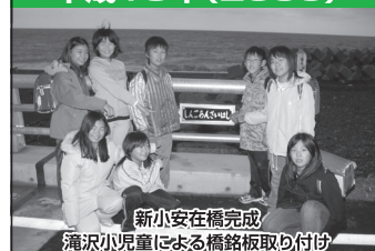
新小安在橋完成 滝沢小児童による橋銘板取り付け
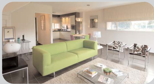
Exemple de type 3 - Apt 109 - Etage 1
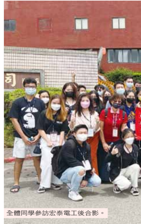
全體同學參訪宏泰電工後合影。
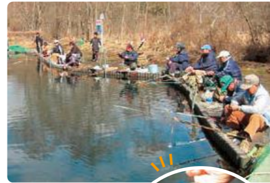
ヘラブナ釣りの太公望
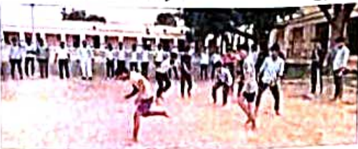
राजीव गांधी ग्रामीण-शहरी खेलकूद प्रतियोगिताओं में भाग लेने वाले खिलाड़ियों का समूह।

नागौर, 3 अक्टूबर: राजीव गांधी ग्रामीण-शहरी खेलकूद प्रतियोगिताएं कल से शुरू हो रही हैं। इन प्रतियोगिताओं में 15 आयु वर्गों के खिलाड़ी भाग लेंगे। इन प्रतियोगिताओं में 15 आयु वर्गों के खिलाड़ी भाग लेंगे।
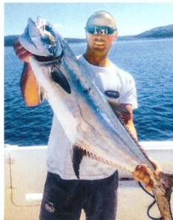
Das Durchschnittsgewicht liegt bei 12 Kilo

Vor der kroatischen Adria-Küste kommen immer mehr Große Gabelmakrelen vor. Die auch Palometa genannten Räuber werden vor allem im Sommer und Herbst vor
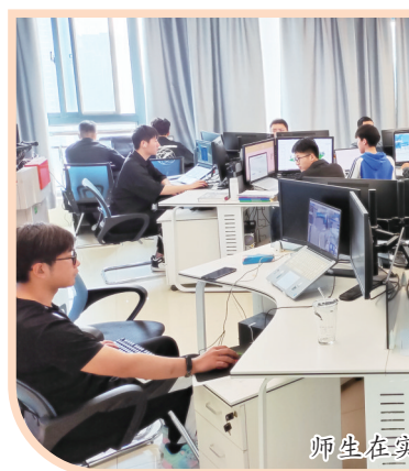
师生在实训室上课

■ ■ ■ ■ ■ ■ ■

PROBLEM STATEMENT » Exactly the lines from the top of the listing through the line with "Das Durchschnittsgewicht liegt bei 12 Kilo", and no pictures, should be printed.

WORKED SOLUTION »
新小安在橋完成 滝沢小児童による橋銘板取り付け
Exemple de type 3 - Apt 109 - Etage 1
全體同學參訪宏泰電工後合影。
ヘラブナ釣りの太公望
राजीव गांधी ग्रामीण-शहरी खेलकूद प्रतियोगिताओं में भाग लेने वाले खिलाड़ियों का समूह।

नागौर, 3 अक्टूबर: राजीव गांधी ग्रामीण-शहरी खेलकूद प्रतियोगिताएं कल से शुरू हो रही हैं। इन प्रतियोगिताओं में 15 आयु वर्गों के खिलाड़ी भाग लेंगे। इन प्रतियोगिताओं में 15 आयु वर्गों के खिलाड़ी भाग लेंगे।
Das Durchschnittsgewicht liegt bei 12 Kilo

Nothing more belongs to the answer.